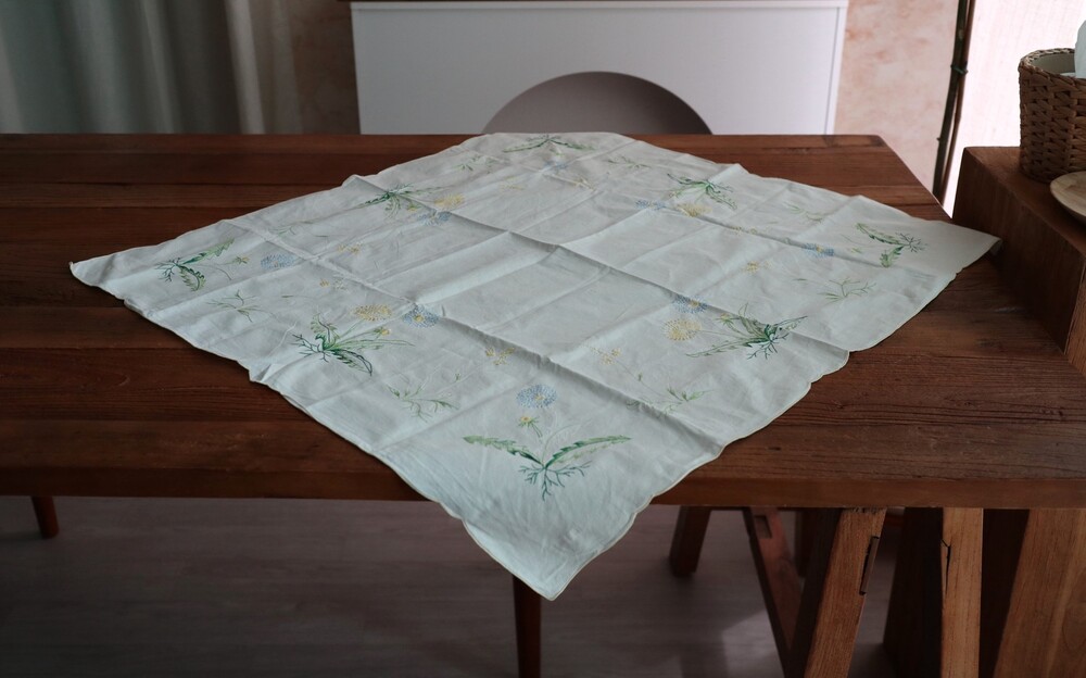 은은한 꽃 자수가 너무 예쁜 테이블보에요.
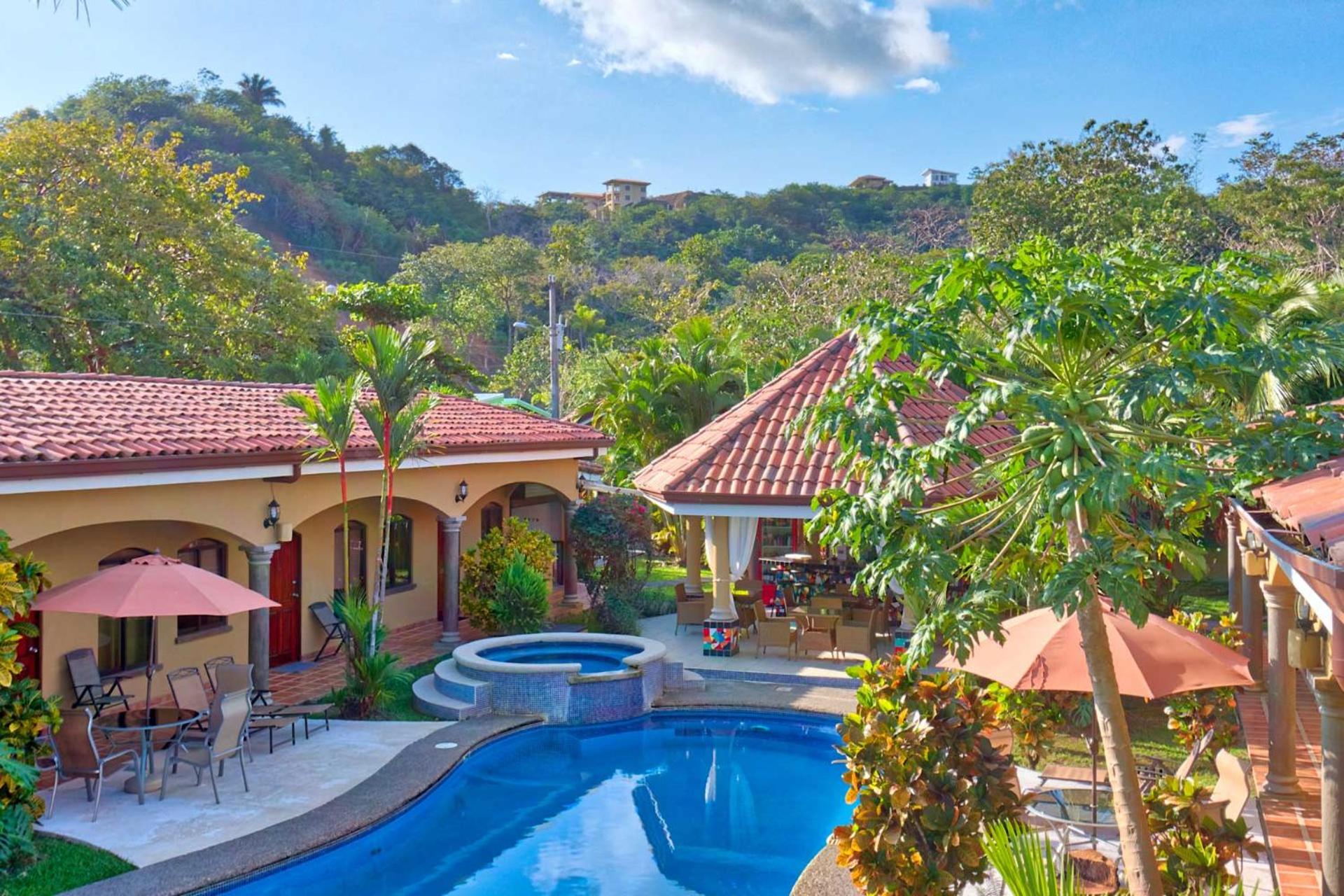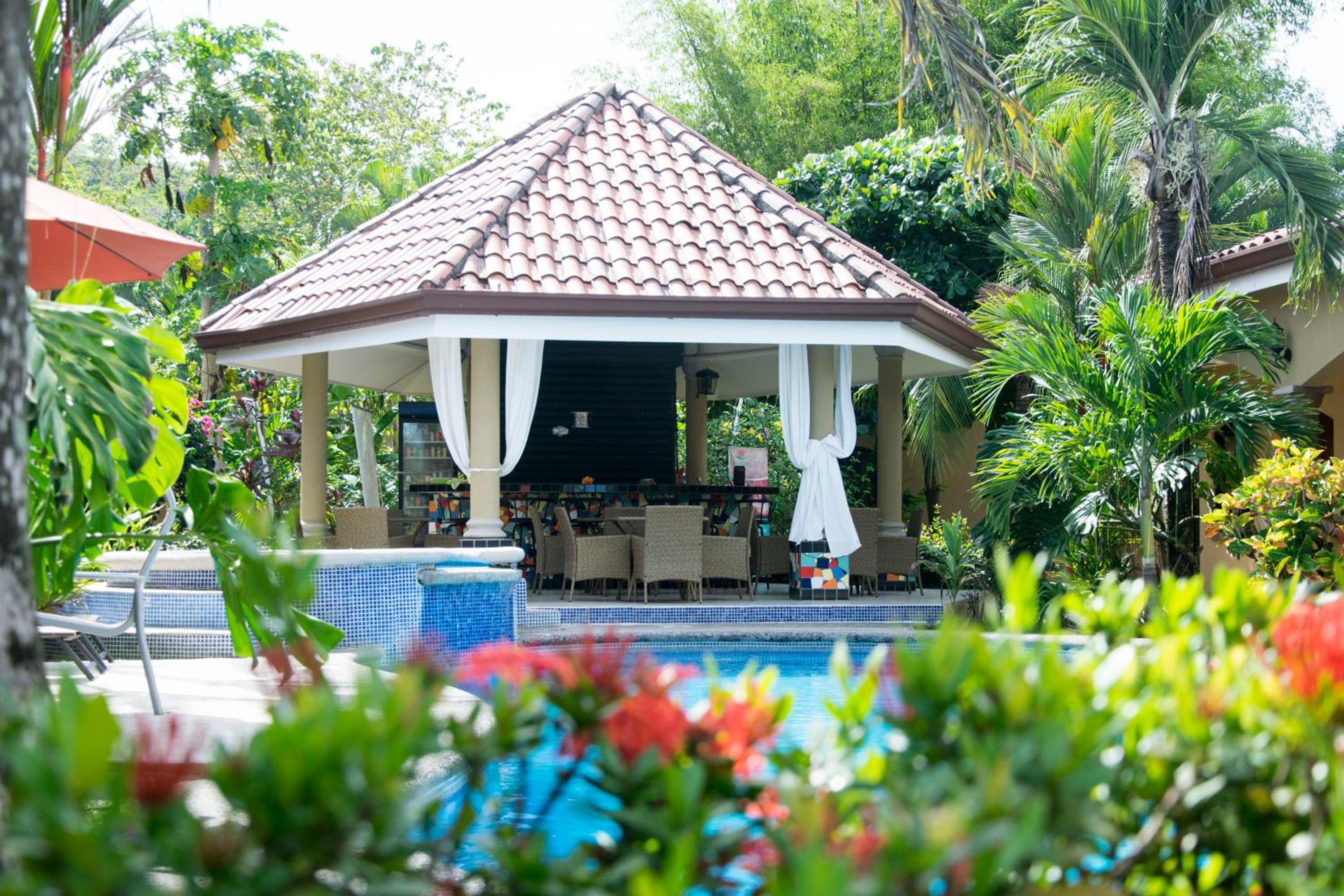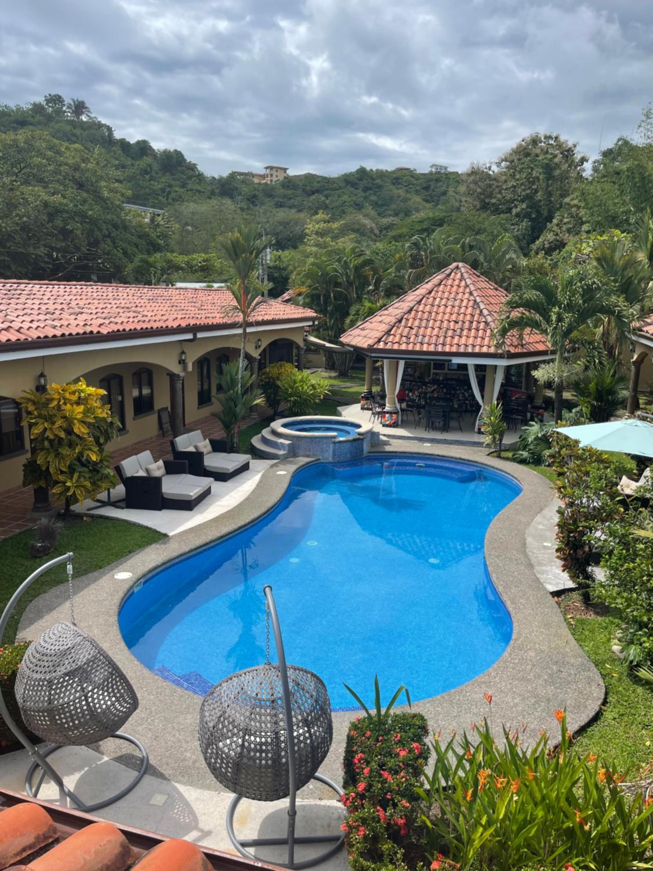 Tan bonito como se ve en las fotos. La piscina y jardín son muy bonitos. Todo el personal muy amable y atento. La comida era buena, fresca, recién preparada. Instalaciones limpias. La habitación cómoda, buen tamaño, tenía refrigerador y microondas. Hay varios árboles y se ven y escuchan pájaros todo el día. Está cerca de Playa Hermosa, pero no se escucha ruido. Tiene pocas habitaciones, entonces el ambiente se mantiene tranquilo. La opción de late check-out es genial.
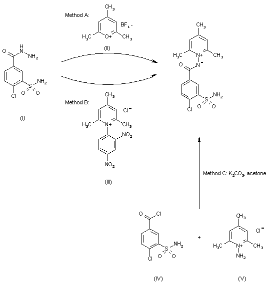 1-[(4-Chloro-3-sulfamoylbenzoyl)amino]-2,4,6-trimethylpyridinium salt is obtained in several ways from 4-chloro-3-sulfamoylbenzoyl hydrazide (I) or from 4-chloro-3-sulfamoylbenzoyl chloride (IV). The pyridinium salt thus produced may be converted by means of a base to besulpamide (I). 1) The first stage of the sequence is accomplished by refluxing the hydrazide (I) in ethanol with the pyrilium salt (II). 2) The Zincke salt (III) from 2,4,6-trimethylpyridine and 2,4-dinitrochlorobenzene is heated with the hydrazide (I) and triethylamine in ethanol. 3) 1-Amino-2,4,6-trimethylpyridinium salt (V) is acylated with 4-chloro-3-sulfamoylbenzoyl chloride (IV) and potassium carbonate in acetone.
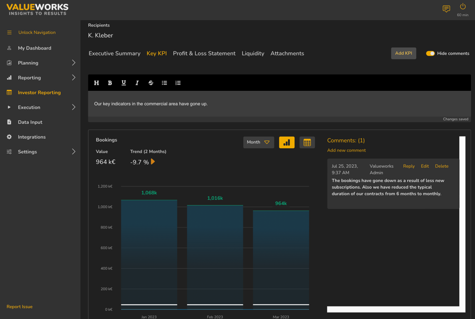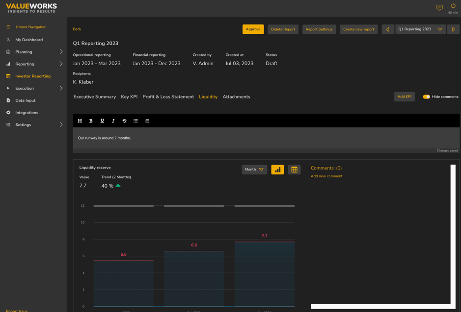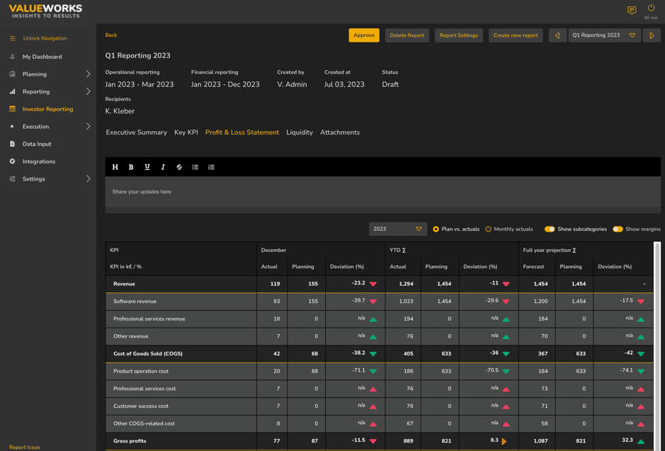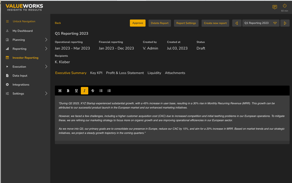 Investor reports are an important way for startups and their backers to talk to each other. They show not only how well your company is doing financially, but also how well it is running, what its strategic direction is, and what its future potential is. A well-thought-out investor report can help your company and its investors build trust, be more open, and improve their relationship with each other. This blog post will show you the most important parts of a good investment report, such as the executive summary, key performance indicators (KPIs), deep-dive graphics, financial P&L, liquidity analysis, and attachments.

[WORK TO BE COMPLETED]: With the images excluded, reproduce the data above precisely as written.

[WRITTEN RESPONSE]:
 은은한 꽃 자수가 너무 예쁜 테이블보에요.
 Tan bonito como se ve en las fotos. La piscina y jardín son muy bonitos. Todo el personal muy amable y atento. La comida era buena, fresca, recién preparada. Instalaciones limpias. La habitación cómoda, buen tamaño, tenía refrigerador y microondas. Hay varios árboles y se ven y escuchan pájaros todo el día. Está cerca de Playa Hermosa, pero no se escucha ruido. Tiene pocas habitaciones, entonces el ambiente se mantiene tranquilo. La opción de late check-out es genial.
 1-[(4-Chloro-3-sulfamoylbenzoyl)amino]-2,4,6-trimethylpyridinium salt is obtained in several ways from 4-chloro-3-sulfamoylbenzoyl hydrazide (I) or from 4-chloro-3-sulfamoylbenzoyl chloride (IV). The pyridinium salt thus produced may be converted by means of a base to besulpamide (I). 1) The first stage of the sequence is accomplished by refluxing the hydrazide (I) in ethanol with the pyrilium salt (II). 2) The Zincke salt (III) from 2,4,6-trimethylpyridine and 2,4-dinitrochlorobenzene is heated with the hydrazide (I) and triethylamine in ethanol. 3) 1-Amino-2,4,6-trimethylpyridinium salt (V) is acylated with 4-chloro-3-sulfamoylbenzoyl chloride (IV) and potassium carbonate in acetone.
 Investor reports are an important way for startups and their backers to talk to each other. They show not only how well your company is doing financially, but also how well it is running, what its strategic direction is, and what its future potential is. A well-thought-out investor report can help your company and its investors build trust, be more open, and improve their relationship with each other. This blog post will show you the most important parts of a good investment report, such as the executive summary, key performance indicators (KPIs), deep-dive graphics, financial P&L, liquidity analysis, and attachments.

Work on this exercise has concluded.